Hypericum matudae

Scientific classification
- Kingdom: Plantae
- Clade: Tracheophytes
- Clade: Angiosperms
- Clade: Eudicots
- Clade: Rosids
- Order: Malpighiales
- Family: Hypericaceae
- Genus: Hypericum
- Section: Hypericum sect. Thornea
- Species: H. matudae
- Binomial name: Hypericum matudae Lundell
- Synonyms: Thornea matudae (Lundell) Breedlove & E.M.McClint.;

= Hypericum matudae =

- Genus: Hypericum
- Species: matudae
- Authority: Lundell

Species of flowering plant

Hypericum matudae is a species of flowering plant of the St. John's wort family Hypericaceae. It is a shrub that grows about 2 m tall, has small and crowded branches, and has pink or white petals. Described in 1944 and named for botanist Eizi Matuda, the species was at one point named Thornea matudae because of its placement in the small genus Thornea. It was returned to Hypericum when Thornea was demoted to sectional status in 2016. Native to Nicaragua and Mexico, the species is found on shale and sandstone in the cloud forest ecosystem.

== Etymology ==
One origin of the genus name Hypericum is that it is derived from the Greek words hyper (above) and eikon (picture), in reference to the tradition of hanging the plant over religious icons in the home. The specific epithet matudae is in honor of the Mexican botanist Eizi Matuda.

== Description ==
Hypericum matudae is a shrub that lacks hairs (is glabrous) and grows about 2 m tall. It has small, slender, short branches that are crowded together. The leaf stalks are grooved along their length and are around 0.35 centimeters long. The leaves are oval-shaped, have a papery texture, and are around 1-4.5 cm long by 0.6–2.0 cm wide. The flower clusters (inflorescence) are in the shape of cymes up to 3.5 cm long. The petioles are 0.2–0.7 cm long, while the pedicels are slender and 0.4–0.7 cm long. The bracts are lance-shaped and up to 0.25 cm long. The flowers have five sepals, each 0.25–0.3 cm long, with striations and a rounded tip. The petals are oblong and up to 0.7 cm long; they are pink or white in color. Each flower has nine stamens in fascicles of three, with filaments up to 0.4 cm long. There are three slender styles, and the ovary has three cells. The seed capsule is 0.4–0.7 cm long; the seeds themselves are around 0.1 cm long, are almost smooth, and have narrow wings along one side.

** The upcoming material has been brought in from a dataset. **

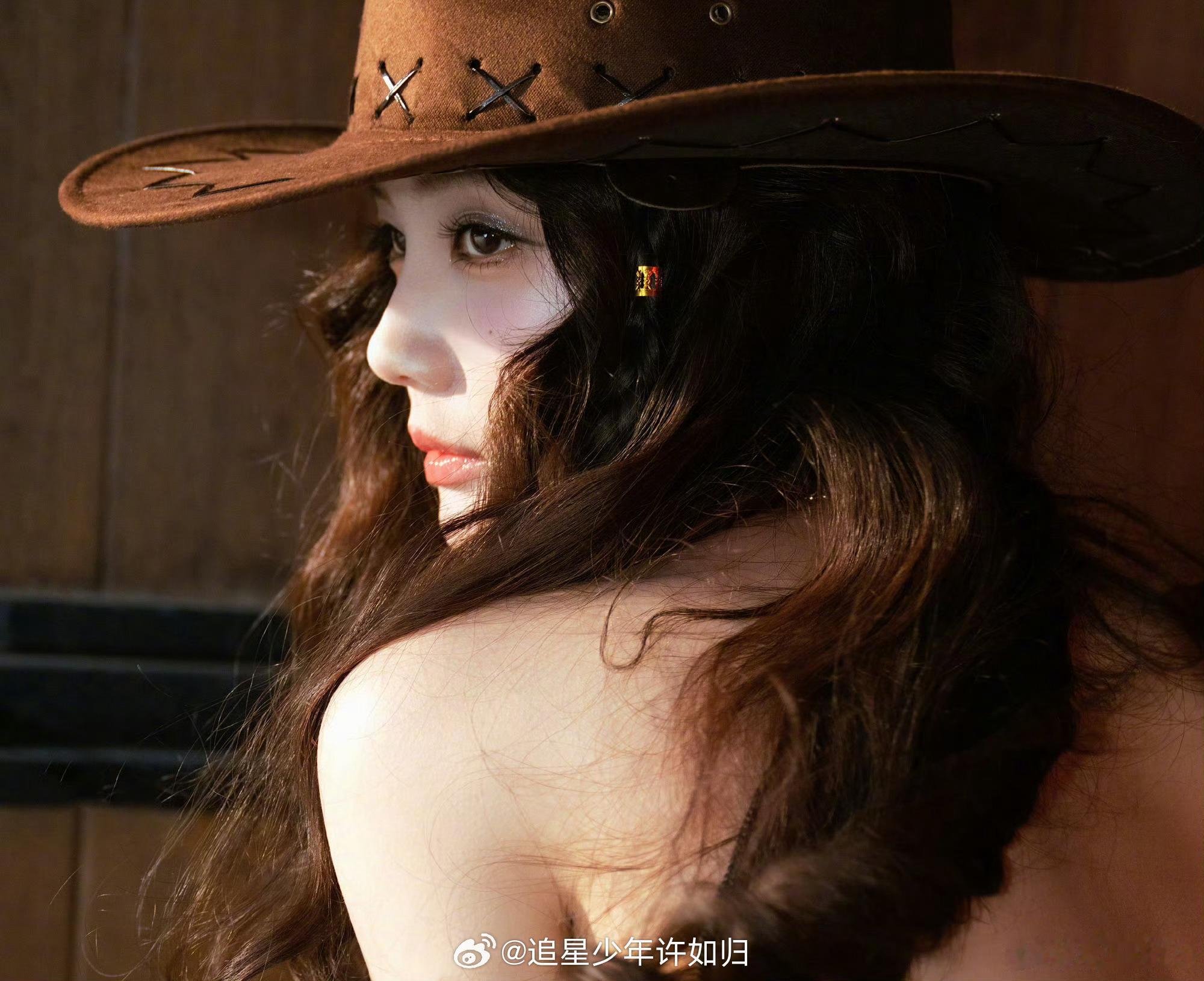 李一桐 牛仔风李一桐和牛仔帽的适配度简直是满分!阳光下的纱质吊带温柔得像画报,帽子一扣瞬间切换成西部片女主。趴在马背上那个姿态,既有野猫的慵懒,又有女骑士的飒爽。

Hypericum matudae is distinguished from its sister species H. calcicola by having less dense branches, longer internodes, papery instead of leathery leaf texture, and larger petals and seed capsules.

== Taxonomy ==
The species was originally described by American botanist Cyrus Longworth Lundell in 1942 as Hypericum matudai. In 1976, Paul Standley and Julian Steyermark established a new genus named Thornea, to which they moved this species and H. calcicola. Thus, the new combination Thornea matudae was created and designated the type species of the genus. This placement was subsequently questioned, and phylogenetic studies suggested that Thornea was not an independent genus and its species should be returned to Hypericum. In 2016, in a review of these studies, Norman Robson restored Thornea matudae to Hypericum under the new Hypericum sect. Thornea. Following that classification, the placement of H. matudae can be summarized as follows:

Hypericum

 Hypericum sect. Thornea
 H. calcicola – H. matudae

== Distribution, habitat, and ecology ==
Hypericum matudae is native to Nicaragua and southeast Mexico, where it is found in the tropical montane cloud forest ecosytstem. It has been collected from an area with a highly diverse tree canopy and understory, on a substrate of shale and sandstone, at altitudes of 2000–4000 meters.